The second line deletes the reference to that old branch.
第二行删除对该旧分支的引用。
The rest of the commands are relatively straightforward.
其余的命令相对简单。
回答by Lee Netherton
I find that the --tree-filter
option used in other answers can be very slow, especially on larger repositories with lots of commits.
我发现--tree-filter
其他答案中使用的选项可能非常慢,尤其是在具有大量提交的较大存储库中。
Here is the method I use to completely remove a directory from the git history using the --index-filter
option, which runs much quicker:
这是我使用该--index-filter
选项从 git 历史记录中完全删除目录的方法,它运行得更快:
# Make a fresh clone of YOUR_REPO
git clone YOUR_REPO
cd YOUR_REPO
# Create tracking branches of all branches
for remote in `git branch -r | grep -v /HEAD`; do git checkout --track $remote ; done
# Remove DIRECTORY_NAME from all commits, then remove the refs to the old commits
# (repeat these two commands for as many directories that you want to remove)
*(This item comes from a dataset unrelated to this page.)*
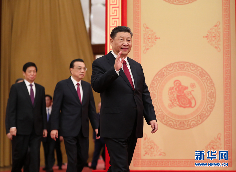 1月23日,中共中央、國務院在北京人民大會堂舉行2020年春節團拜會。黨和國家領導人習近平、李克強、栗戰書、汪洋、王滬寧、趙樂際、韓正、王岐山等同首都各界人士歡聚一堂,共迎新春。 新華社記者 李濤 攝
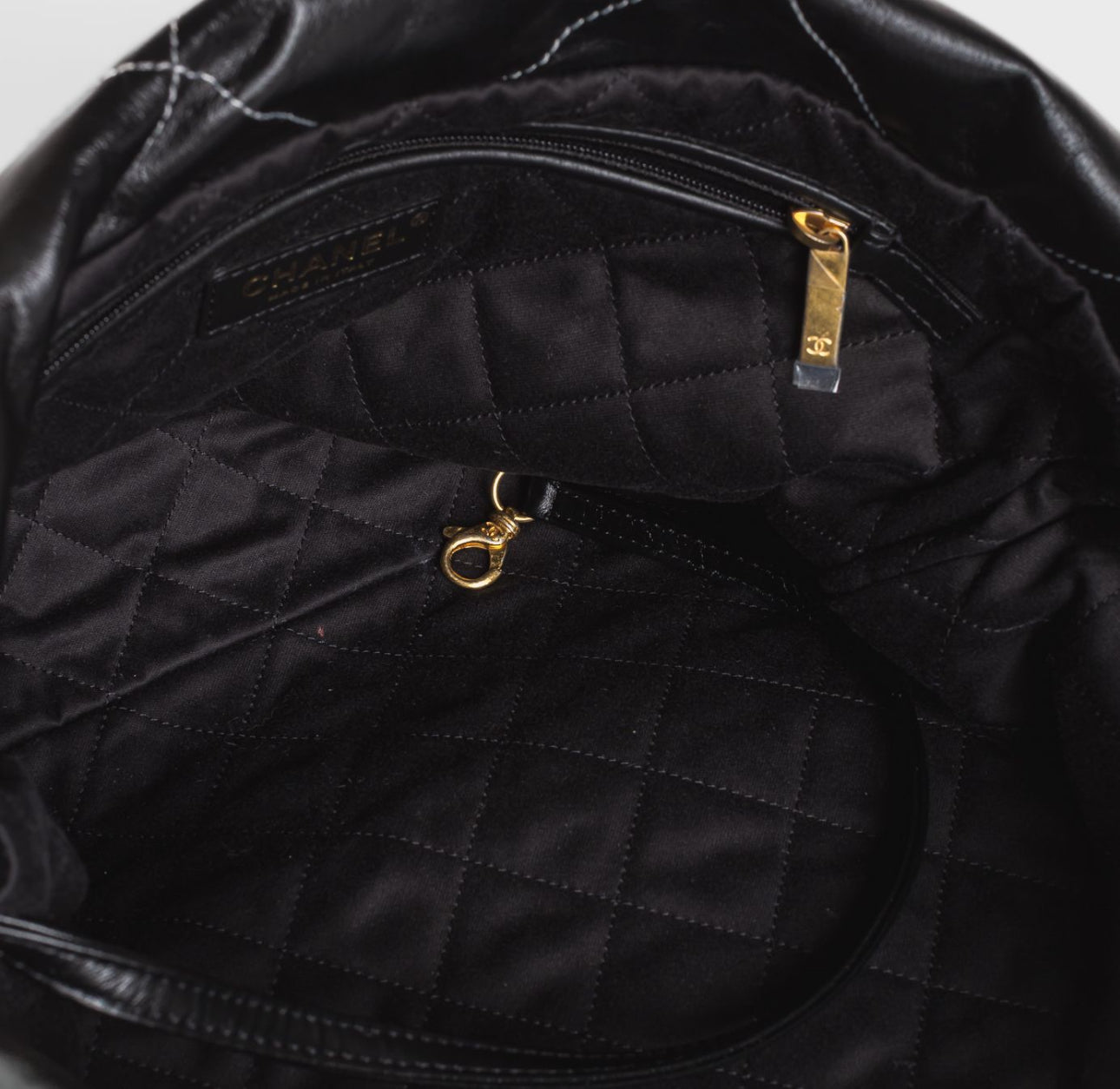 Modern and iconic, the Chanel 22 Small Bag is crafted from shiny black leather and finished with brushed gold-tone metal hardware. The design is elevated with bold white contrast stitching, a spacious silhouette, and the classic Chanel signature on the front. It also comes with a detachable black pouch inside, adding both practicality and elegance.

git filter-branch --index-filter 'git rm -rf --cached --ignore-unmatch DIRECTORY_NAME/' --prune-empty --tag-name-filter cat -- --all
git for-each-ref --format="%(refname)" refs/original/ | xargs -n 1 git update-ref -d
# Ensure all old refs are fully removed
rm -Rf .git/logs .git/refs/original
# Perform a garbage collection to remove commits with no refs
git gc --prune=all --aggressive
# Force push all branches to overwrite their history
# (use with caution!)
git push origin --all --force
git push origin --tags --force
You can check the size of the repository before and after the gc
with:
您可以在gc
使用之前和之后检查存储库的大小:
git count-objects -vH
回答by participant
In addition to the popular answer aboveI would like to add a few notes for Windows-systems. The command
除了上面流行的答案之外,我还想为Windows 系统添加一些注释。命令
git filter-branch --tree-filter 'rm -rf node_modules' --prune-empty HEAD
works perfectly without anymodification! Therefore, you must notuse
Remove-Item
,del
or anything else instead ofrm -rf
.If you need to specify a path to a file or directory use slasheslike
./path/to/node_modules
无需任何修改即可完美运行!因此,您不得使用
Remove-Item
,del
或其他任何东西来代替rm -rf
。如果您需要指定文件或目录的路径,请使用斜杠,例如
./path/to/node_modules
回答by Kim T
The best and most accurate method I found was to download the bfg.jar file: https://rtyley.github.io/bfg-repo-cleaner/
我发现的最好和最准确的方法是下载 bfg.jar 文件:https://rtyley.github.io/bfg-repo-cleaner/
Then run the commands:
然后运行命令:
git clone --bare https://project/repository project-repository
cd project-repository
java -jar bfg.jar --delete-folders DIRECTORY_NAME # i.e. 'node_modules' in other examples
git reflog expire --expire=now --all && git gc --prune=now --aggressive
git push --mirror https://project/new-repository
If you want to delete files then use the delete-files option instead:
如果要删除文件,请改用 delete-files 选项:
java -jar bfg.jar --delete-files *.pyc
回答by jgbarah
Complete copy&paste recipe, just adding the commands in the comments (for the copy-paste solution), after testing them:
完整的复制粘贴配方,只需在评论中添加命令(对于复制粘贴解决方案),在测试它们之后:
git filter-branch --tree-filter 'rm -rf node_modules' --prune-empty HEAD
echo node_modules/ >> .gitignore
git add .gitignore
git commit -m 'Removing node_modules from git history'
git gc
git push origin master --force
After this, you can remove the line "node_modules/" from .gitignore
在此之后,您可以从 .gitignore 中删除“node_modules/”行
回答by kcode
For Windows user, please note to use "
instead of '
Also added -f
to force the command if another backup is already there.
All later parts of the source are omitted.